- WHAT TO PRODUCE: Output the lines of the records exactly, from the first through the one containing "NOTICIAS 31/01/2023Aprende GIF". Omit all pictures.

####

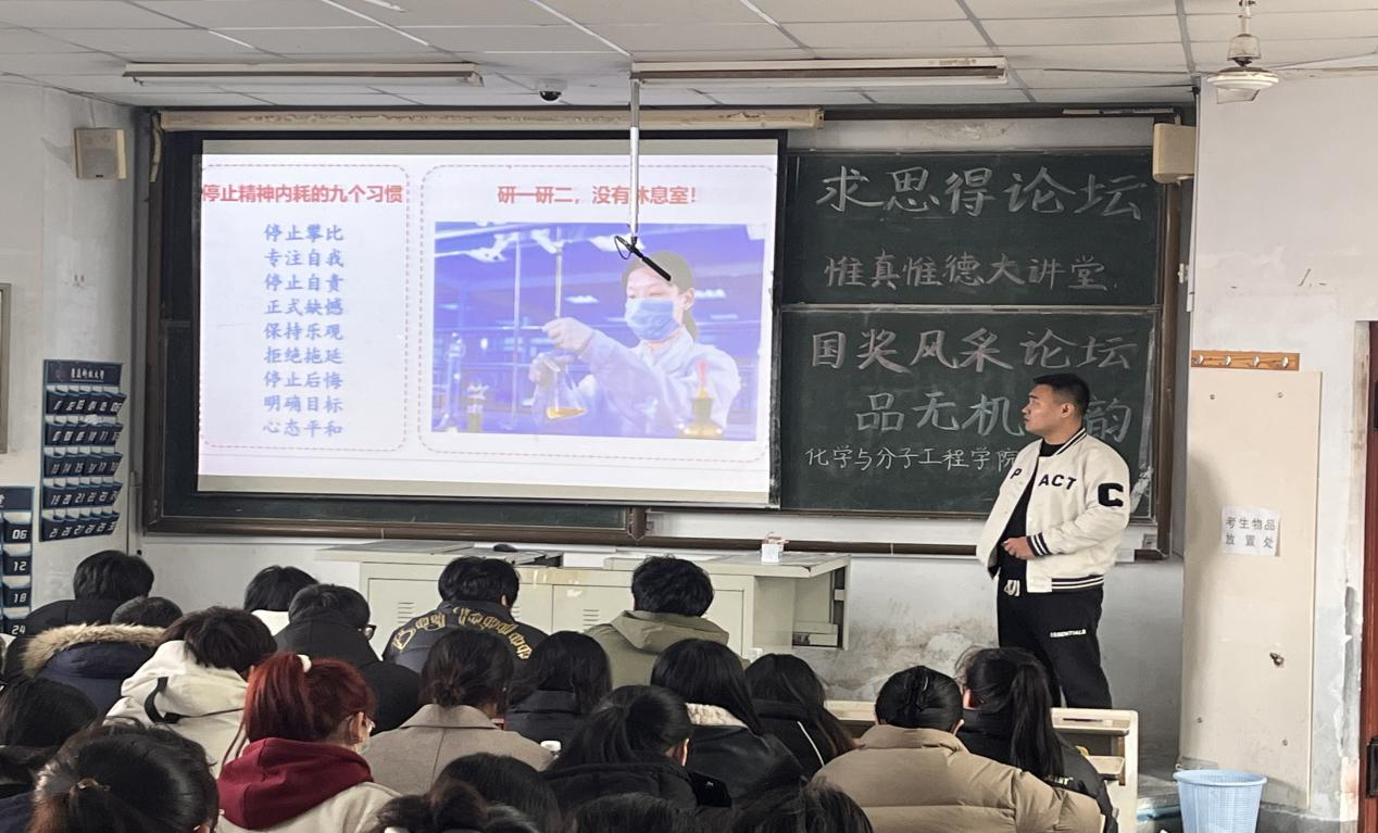 张家康累计发表高水平论文6篇,以第一作者发表论文3篇,在无机化学领域有着自己独到的见解和感悟。他从“德、智、体、美、劳”五个方面详细讲述自己的心得,强调在实验的过程中一定要注意安全和健康,并将自己取得成就的经验分享给同学们,激励同学们在学习中勇攀科研高峰。王月累计发表第一作者SCI论文4篇,发明专利2项。王月根据自己的日常实验情况为大家传授经验,她强调,要想取得一定的科研成果,勤奋努力是必不可少的。王成斌在SCI一区发表学术论文两篇。王成斌分享自己获奖经验及感悟,他表示,做实验不仅要勤奋刻苦,还要保持健康阳光的心态。
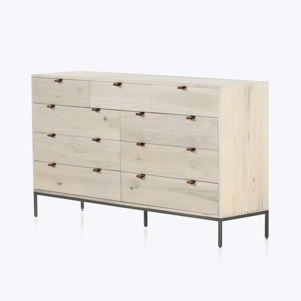 The Four Hands Trey 9-Drawer Dresser is a masterful blend of mid-century design and modern sophistication, expertly crafted from light-washed solid poplar wood. With its clean lines and minimalist form, this dresser measures 70" L x 18" D x 39.5" H, offering generous storage with nine spacious drawers. Each drawer is enhanced by metal-secured top-grain leather pulls, adding a tactile contrast that elevates the overall design.The dresserÕs refined off-white hue, complemented by the natural iron accents, exudes a timeless elegance,...
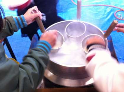 ラーメンの生地を麺にする機械を使っていますが、なかなか力がいるようです。
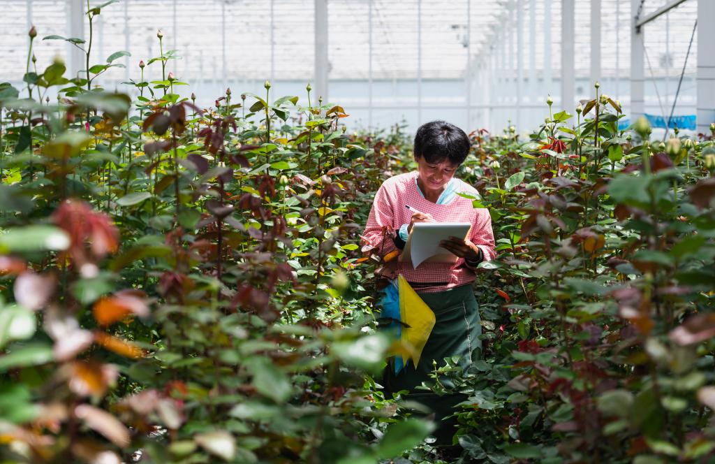 工作人員在麗江現代花卉産業園內記錄鮮花生長狀況。新華社記者王冠森 攝
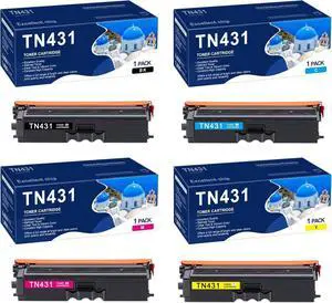 TN-431BK TN-431C TN-431M TN-431Y High Yield Toner Cartridge Replacement for Brother TN431 TN 431 HL-L8260CDW L8360CDW L9310CDWTT MFC-L8610CDW L8900CDW L9570CDWT L9570CDW Printer 4 Pack TN431BK/C/M/Y
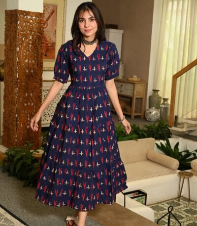 Navy-Blue Printed Cotton Anarkali Maxi Dress with Puff Sleeves Elegant Casual Wear
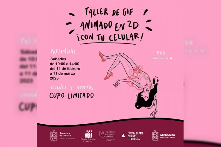 NOTICIAS 31/01/2023Aprende GIF Animado desde tu celular, en el Centro Cultural Clavijero La Secretaría de Cultura de Michoacán (Secum), a través de Centro Cultural Clavijero (CCC), abre el taller "GIF Animado en 2D con tu Celular" para personas jóvenes y adultas interesadas en el dibujo, la animación y la ilustración, a realizarse los sábados del 11 de febrero al 11 de marzo del presente año.
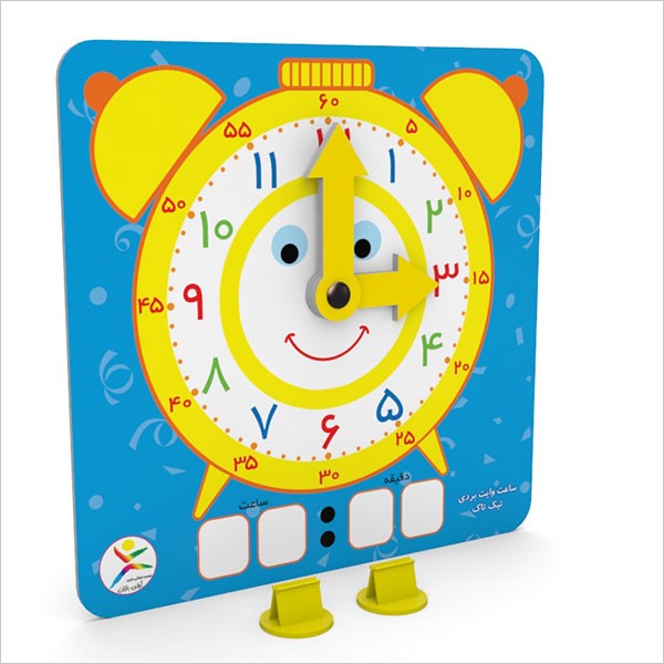این وسیله ساعتی با عقربههای ساعت شمار و دقیقه شمار است که روی یک صحفه وایتبردی قرار داده شده است. دو پایهی کوچک هم دارد که میتوان ساعت را روی آنها سوار کرد. در بخش پایین ساعت نیز محلی برای نوشتن ساعت و دقیقه وجود دارد که میتوان تناظر عددی زمان را با ماژیک وایتبردی در آن قسمت نوشت و پاک کرد. برای آموزش ساعت به دو روش میتوان از این وسیله استفاده کرد. در حالت اول با چرخاندن عقربهها از کودک میخواهیم ما به ازای عددی را در پایین بنویسد. در حالت دوم در بخش ساعت و دقیقه اعدادی را مینویسیم و از کودک میخواهیم با چرخاندن عقربهها آن زمان را نشان دهد.

####

- SOLUTION:
 张家康累计发表高水平论文6篇,以第一作者发表论文3篇,在无机化学领域有着自己独到的见解和感悟。他从“德、智、体、美、劳”五个方面详细讲述自己的心得,强调在实验的过程中一定要注意安全和健康,并将自己取得成就的经验分享给同学们,激励同学们在学习中勇攀科研高峰。王月累计发表第一作者SCI论文4篇,发明专利2项。王月根据自己的日常实验情况为大家传授经验,她强调,要想取得一定的科研成果,勤奋努力是必不可少的。王成斌在SCI一区发表学术论文两篇。王成斌分享自己获奖经验及感悟,他表示,做实验不仅要勤奋刻苦,还要保持健康阳光的心态。
 The Four Hands Trey 9-Drawer Dresser is a masterful blend of mid-century design and modern sophistication, expertly crafted from light-washed solid poplar wood. With its clean lines and minimalist form, this dresser measures 70" L x 18" D x 39.5" H, offering generous storage with nine spacious drawers. Each drawer is enhanced by metal-secured top-grain leather pulls, adding a tactile contrast that elevates the overall design.The dresserÕs refined off-white hue, complemented by the natural iron accents, exudes a timeless elegance,...
 ラーメンの生地を麺にする機械を使っていますが、なかなか力がいるようです。
 工作人員在麗江現代花卉産業園內記錄鮮花生長狀況。新華社記者王冠森 攝
 TN-431BK TN-431C TN-431M TN-431Y High Yield Toner Cartridge Replacement for Brother TN431 TN 431 HL-L8260CDW L8360CDW L9310CDWTT MFC-L8610CDW L8900CDW L9570CDWT L9570CDW Printer 4 Pack TN431BK/C/M/Y
 Navy-Blue Printed Cotton Anarkali Maxi Dress with Puff Sleeves Elegant Casual Wear
 NOTICIAS 31/01/2023Aprende GIF Animado desde tu celular, en el Centro Cultural Clavijero La Secretaría de Cultura de Michoacán (Secum), a través de Centro Cultural Clavijero (CCC), abre el taller "GIF Animado en 2D con tu Celular" para personas jóvenes y adultas interesadas en el dibujo, la animación y la ilustración, a realizarse los sábados del 11 de febrero al 11 de marzo del presente año.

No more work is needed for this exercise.